Er ist derzeit der wichtigste deutsche Gewerkschafter: In der Kohlekommission streitet Michael Vassiliadis, Chef der IG BCE, mit großem Einsatz für hohe Entschädigungen – und möglichst geringe Klimavorgaben.

ls am Dienstagabend im Kanzleramt bis in die Nacht über den Kohleausstieg verhandelt wird, ist Michael Vassiliadis nicht persönlich vor Ort – weder bei den gut 20 Pro-Braunkohle-Demonstranten, die draußen in der Kälte stehen und versuchen, neben den weitaus zahlreicheren UmweltaktivistInnen wahrgenommen zu werden, noch beim Abendessen, zu dem Angela Merkel die Ministerpräsidenten der Kohleländer, die Vorsitzenden der Kohlekommission und das halbe Bundeskabinett eingeladen hat. Doch seine Argumente sind trotzdem allgegenwärtig. Denn Michael Vassiliadis ist derzeit der einflussreichste Akteur in den Verhandlungen über die Zukunft der Kohleregionen. „Ich habe nur eine Stimme in der Kommission“, verkündete er vor einer Weile selbstbewusst, „aber viele Freunde.“

Seit zehn Jahren ist der Sohn eines griechischen Gastarbeiters und einer deutschen Mutter Vorsitzender der Industriegewerkschaft Bergbau, Chemie, Energie (IG BCE), der mit rund 350.000 Mitgliedern drittgrößten deutschen Gewerkschaft. Von denen arbeitet zwar nur ein Bruchteil in der Kohlebranche – Kraftwerke und Tagebaue beschäftigen insgesamt nur noch knapp 20.000 Menschen. Doch für die zeigt Vassiliadis derzeit vollen Einsatz.
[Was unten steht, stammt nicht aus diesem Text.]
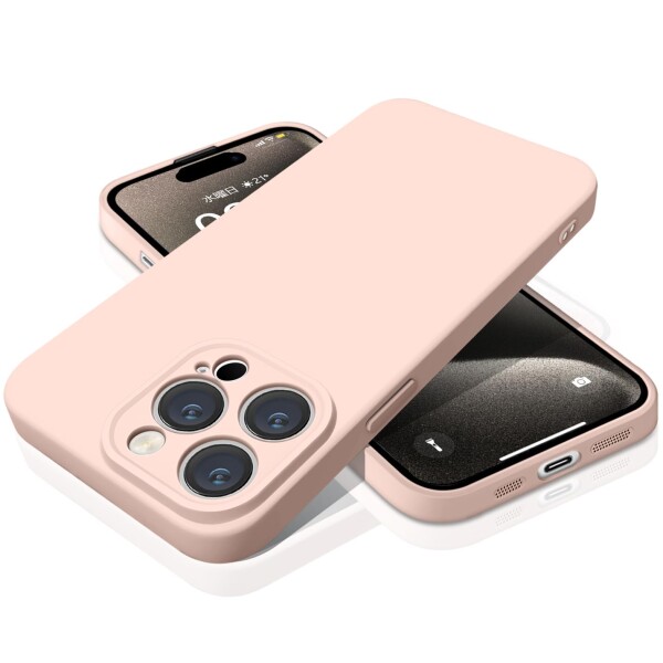 iPhone15 Pro 用 ケース シリコン アイフォン15 プロ カバー スマホケース 耐衝撃 衝撃吸収 レンズ保護 傷つけ防止 指紋防止 全面保護 バンパー(ピンク)
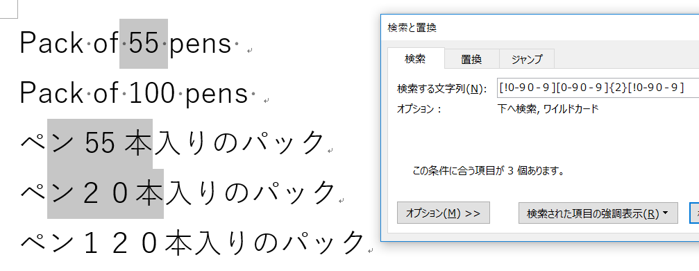 和文の場合には2桁の数字が数字以外の文字列で挟まれている箇所を検索します。
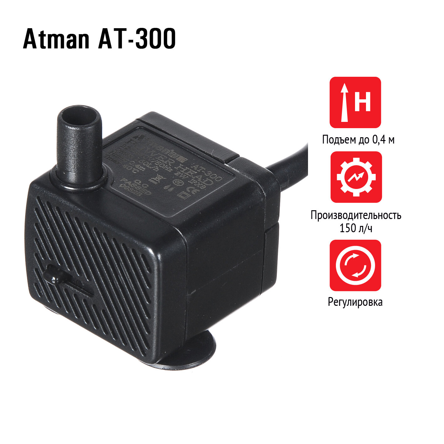 Помпа подъемная Atman AT-300, 150 л/ч, 2W, подъем до 0,4м интересное:
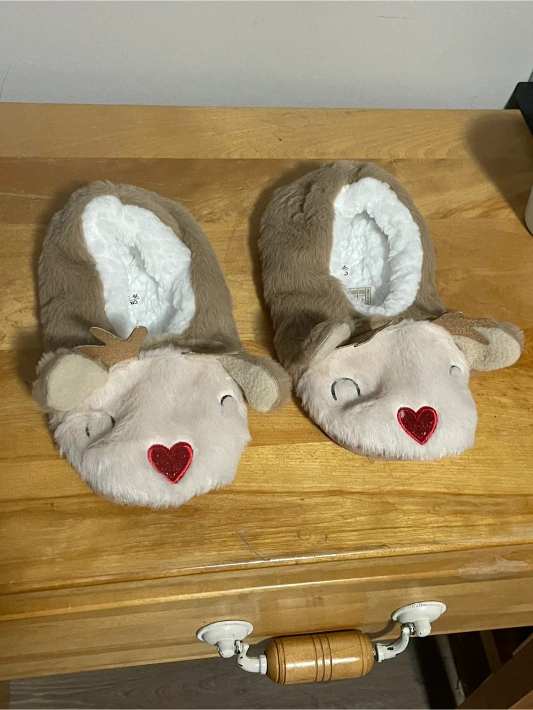These super cute reindeer slippers are in great condition! They're a size 36-37 and feature a soft, plush lining to keep your feet cozy. Perfect for keeping your feet warm on cold days!
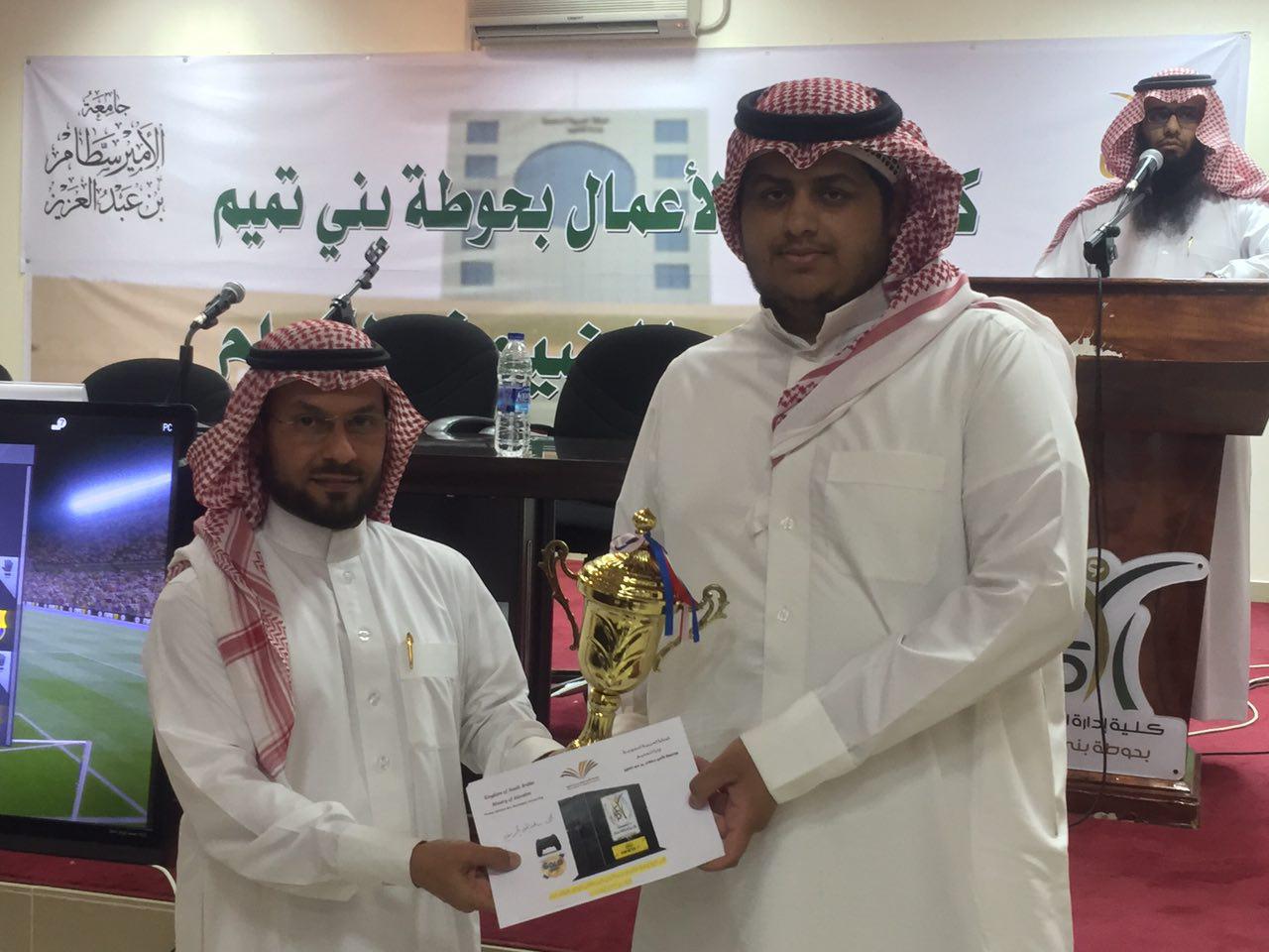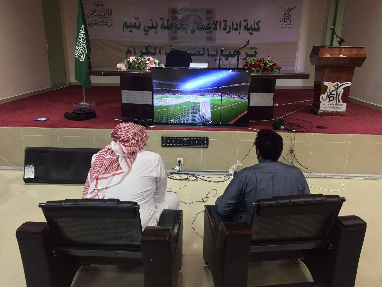 بحضور عميد كلية إدارة الأعمال في حوطة بني تميم د. خالد العتيبي، ووكيل الكلية للشؤون التعليمية والأكاديمية د. إبراهيم الداود، ومدير إدارة الكلية أ. إبراهيم آل مهنا أقيمت المباراة النهائية في دوري (البلاي ستيشن)، بين الطالبين: محمد بن عبدالله الخريّف، وسعود بن زيد النويشر، وذلك في يوم الأربعاء ١٤٣٨/٣/٢٩، في مسرح الكلية.
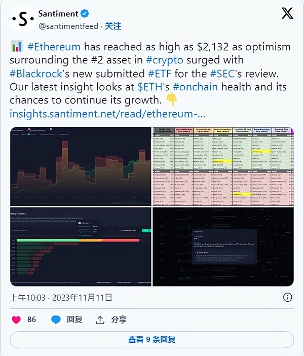 11 月,以太坊突破 2000 美元。贝莱德在纳斯达克提交的文件中确认计划推出以太坊现货 ETF 后不久,价格飙升。链上数据显示,多家大型机构投资者通过购买价值数百万美元的 ETH 来回应看涨消息。

Der 54-Jährige läuft nicht nur im Nieselregen in der ersten Reihe, als seine Gewerkschaft im Oktober im Rheinland unter dem Motto „Wir sind laut für unsere Jobs“ über 20.000 Menschen gegen eine „einseitige Klimapolitik“ und einen schnellen Kohleausstieg mobilisiert. Vor allem verfügt Vassiliadis, der privat mit der ehemaligen SPD-Generalsekretärin Yasmin Fahimi liiert ist, auch beruflich über exzellente Kontakte in die Politik.
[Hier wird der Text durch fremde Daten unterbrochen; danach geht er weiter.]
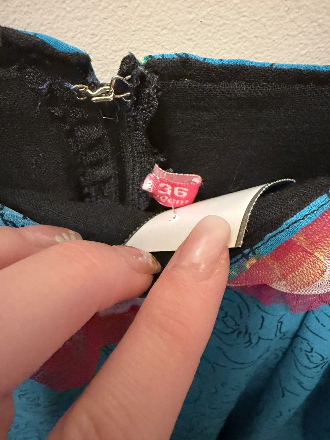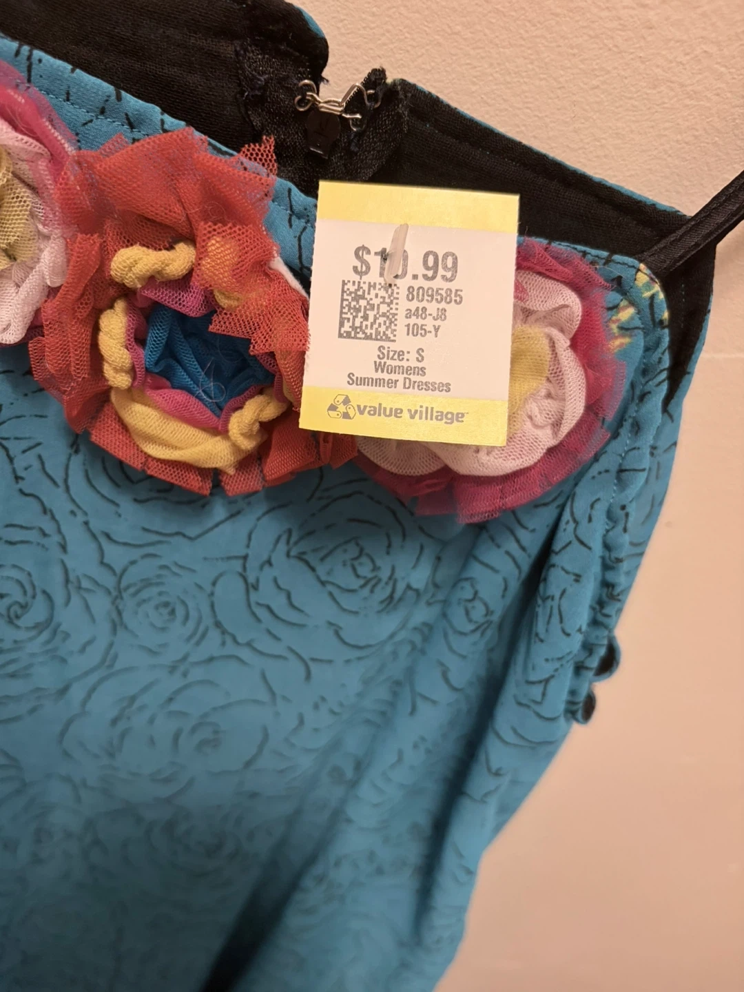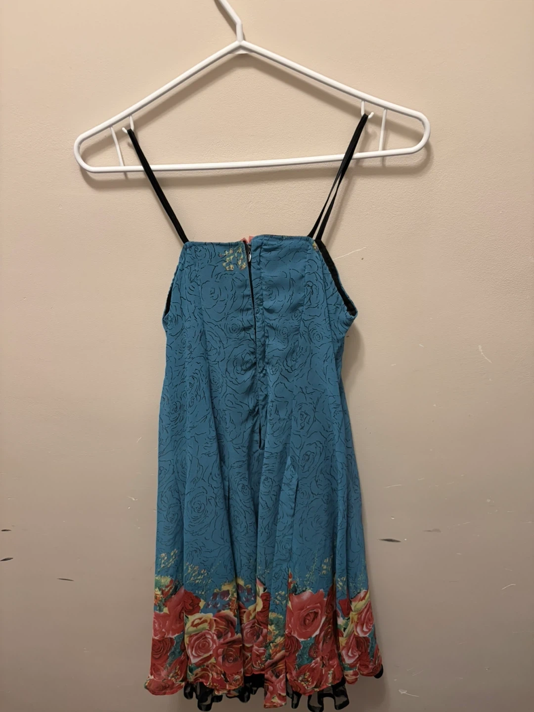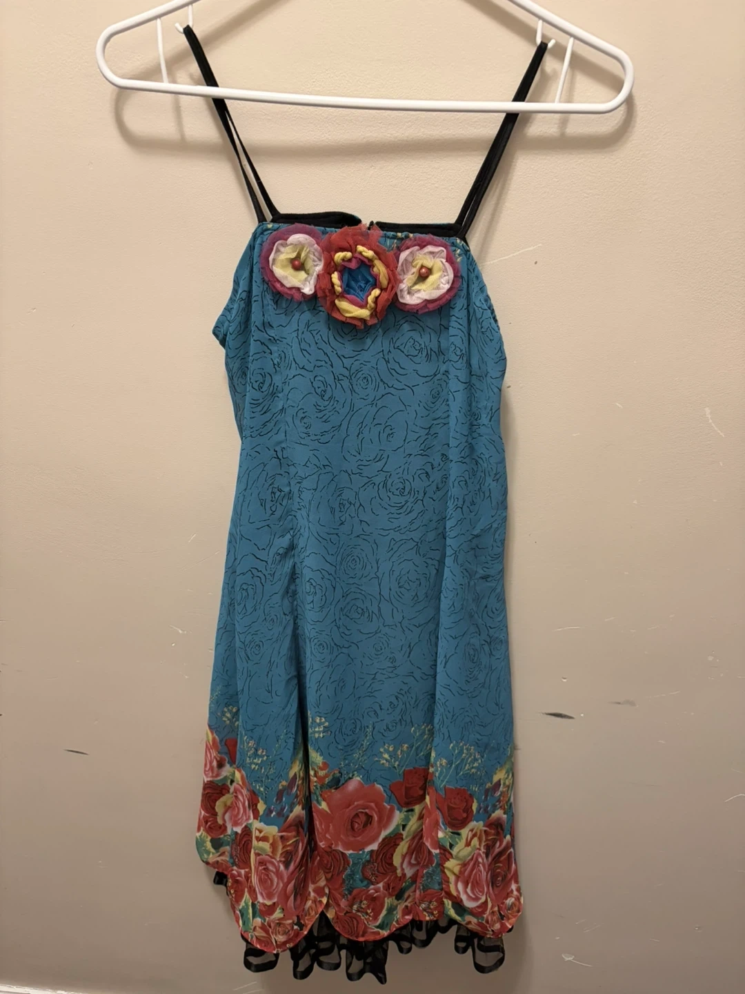 This blue sleeveless dress has a rose pattern all over. It's adorned with colourful applique flowers on the bust and a floral print hem with black lace trim. Size is small.

Wenn er, wie im vergangenen September, zu einer Konferenz zur Zukunft der Braunkohleregion Lausitz nach Cottbus einlädt, laufen dort mit dem SPD-Mann Dietmar Woidke aus Brandenburg und seinem CDU-Kollegen Michael Kretschmer aus Sachsen gleich zwei Ministerpräsidenten auf. Und anders als bei vielen anderen Veranstaltungen, bei denen Spitzenpolitiker nach ihrer Rede sofort wieder verschwinden, bleiben sie mehrere Stunden und drängen sich auch in der Kaffeepause um den Gewerkschaftschef. So eng ist sein Draht in die Politik, dass es sich Vassiliadis sogar erlauben kann, die beiden Ministerpräsidenten einfach stehen zu lassen, als sein Handy klingelt.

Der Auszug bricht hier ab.